1  The name is supposed to be derived from the steelbow with which the produce was weighed. 

2  The road is one of the wildest and most broken of the ancient northern Highland paths. It rises high through rocky ground, and often subjects the traveller to a severe contest with the Highland storms. A melancholy instance of its dangerous character occurred so lately as 1847. On the last day of August in that year, two English tourists, having undertaken the journey between Glencoe and Fortwilliam on foot, sat down, overcome by fatigue. They were next day found dead where they had taken rest, coldness and exhaustion seducing them into sleep from which they never wakened. 

3  Trial of James Stewart, 8vo, Edinburgh, 1753, appendix, p. 25. The references to the trial in the present notice are all taken from the documents and evidence so published. They fill a considerable volume. 

4  Sir Walter Scott has preserved the following notice of Allan Brec: – “About 1789, a friend of mine, who was then residing in Paris, was invited to see some procession which was supposed likely to interest him, from the windows of an apartment occupied by a Scottish Benedictine priest. He found sitting by the fire a tall, thin, raw-boned grim looking old man, with the petit croix of St. Louis. His visage was strongly marked by the irregular projections of the cheek-bones and chin.
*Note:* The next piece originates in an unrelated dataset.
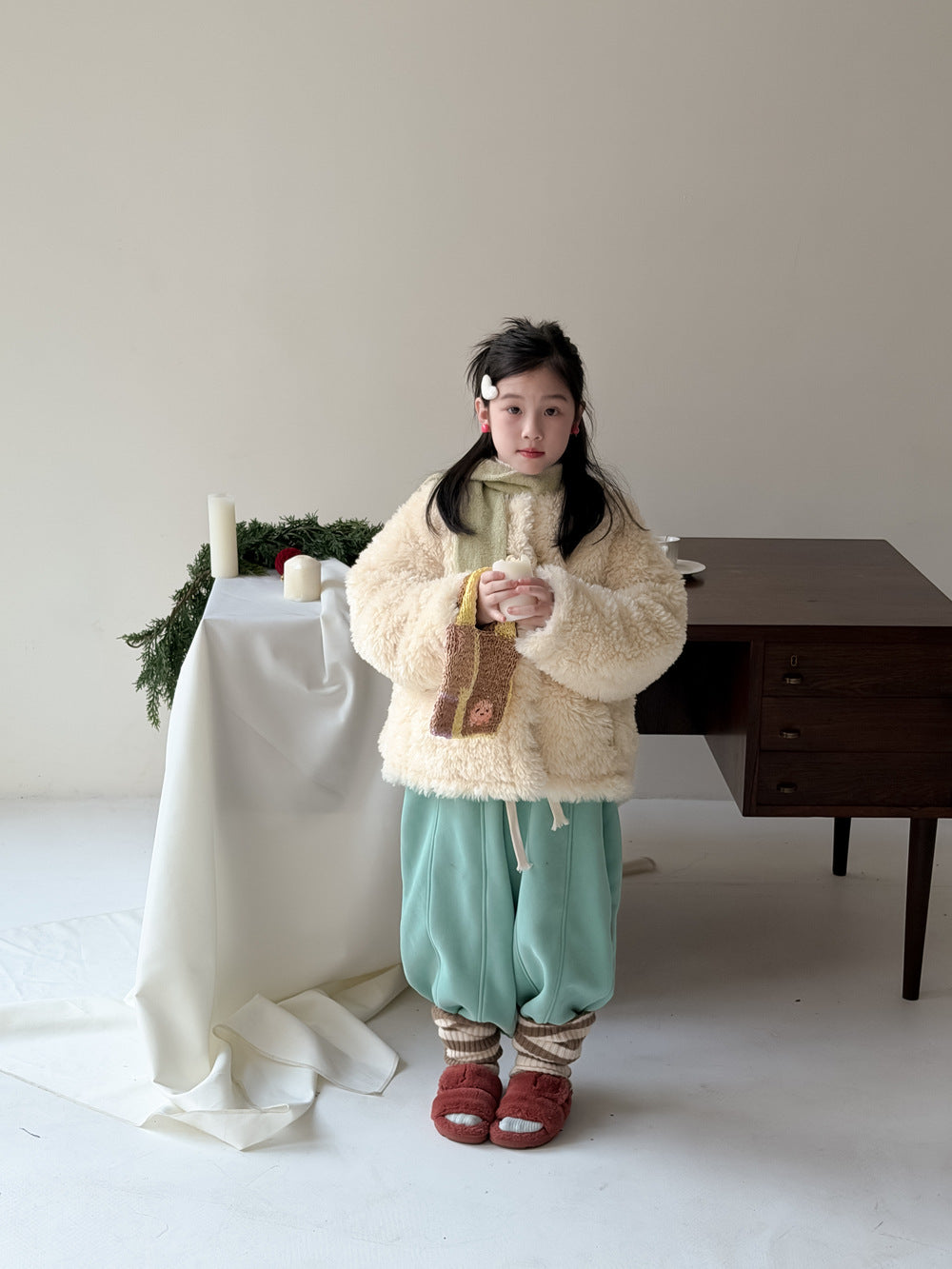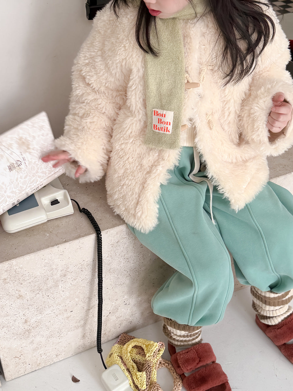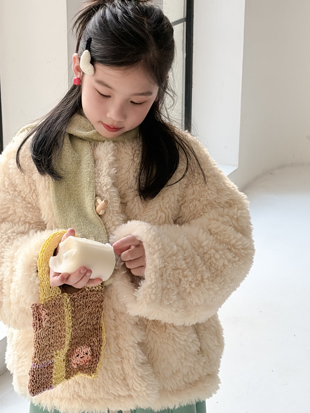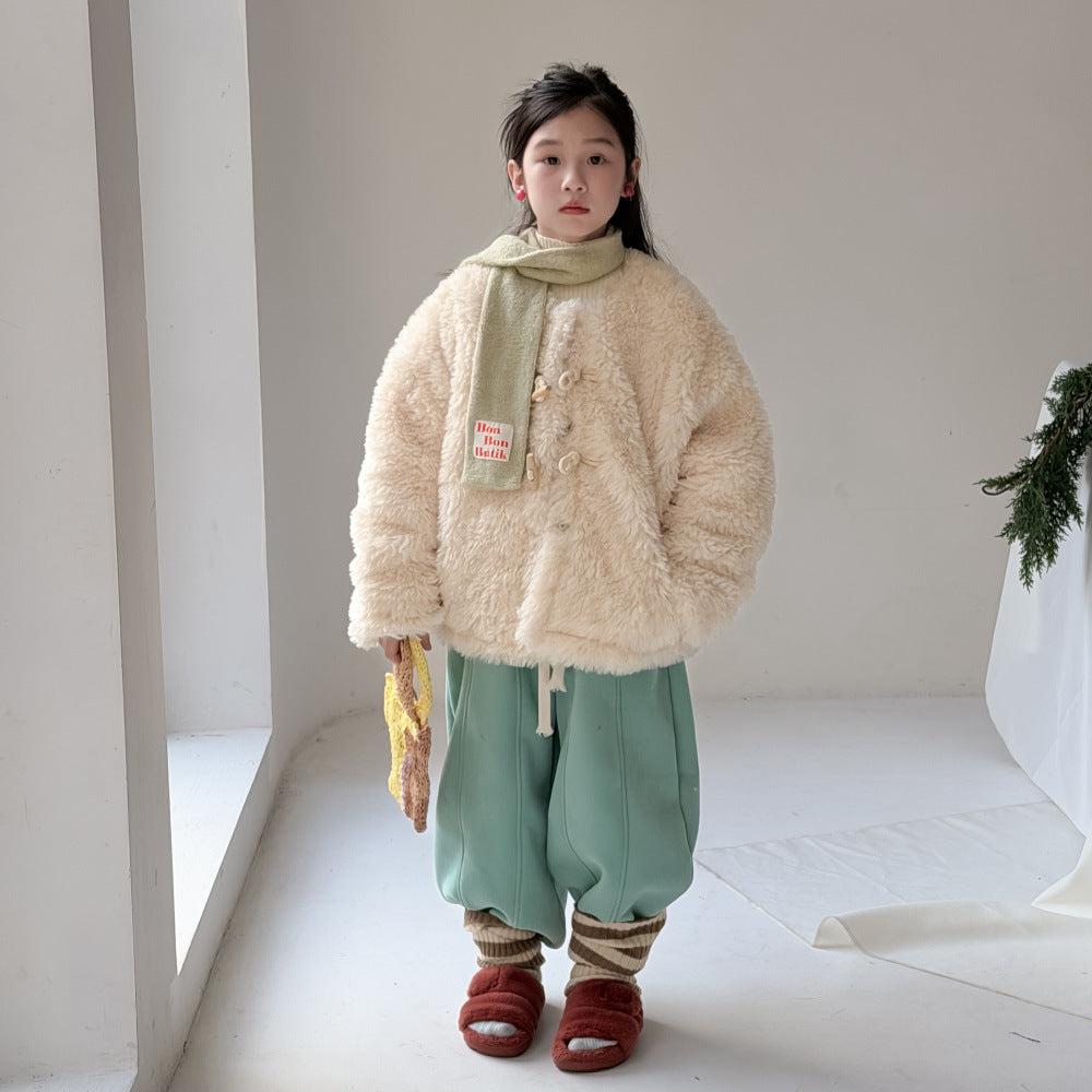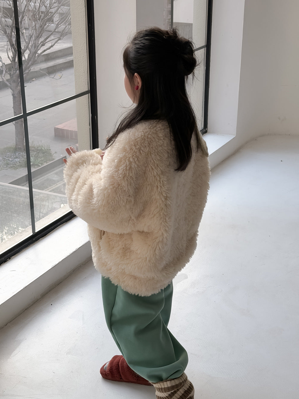 ふんわりとしたファーフリース素材が目を引くダッフルジャケットは、柔らかな質感が魅力的なアウターです。クラシカルなトグルボタンがアクセントとなり、お子さまの上品で愛らしい雰囲気を演出するデザインに仕上がっています。軽やかな着心地と優れた保温性を両立させた子供服は、日常のコーディネートをスタイリッシュに格上げする子ども服です。
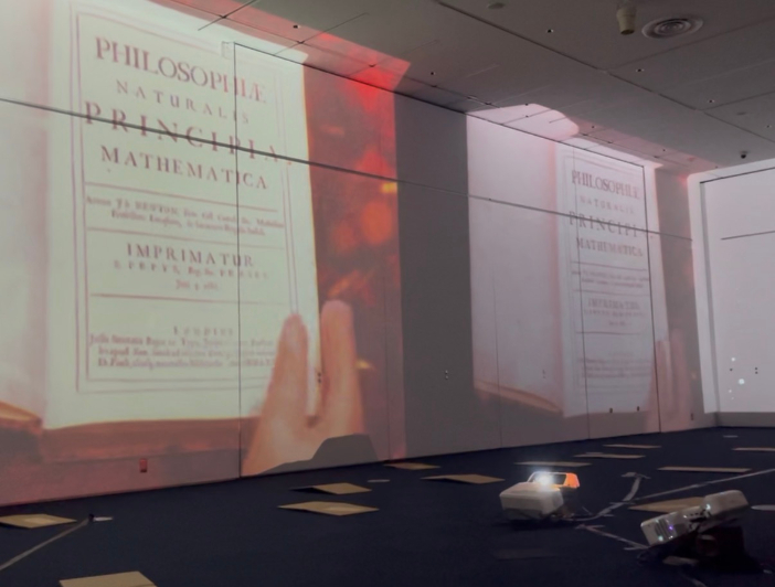 松林研究室の学生が地元デジタルクリエーターの葭田護氏(YDP代表)と企画、製作した作品。通常は非公開となっている金沢工業大学が所蔵する人類の主要な科学的発見、技術的発明の原典初版の貴重なコレクションの紹介。

His eyes were grey. His grizzled hair exhibited marks of having been red, and his complexion was weatherbeaten, and remarkably freckled. Some civilities in French passed between the old man and my friend, in the course of which they talked of the streets and squares of Paris, till at length the old soldier, for such he seemed, and such he was, said, with a sigh, in the old Highland accent, ‘Deil ane o’ them a’ is worth the Hie Street of Edinburgh.’ On inquiry, this admirer of Auld Reekie, which he was never to see again, proved to be Allan Brec Stewart.” – Introduction to Rob Roy, p. 31. 

5  In this and the subsequent extracts from evidence, the word witness is substituted for the Scottish technical term “deponent.”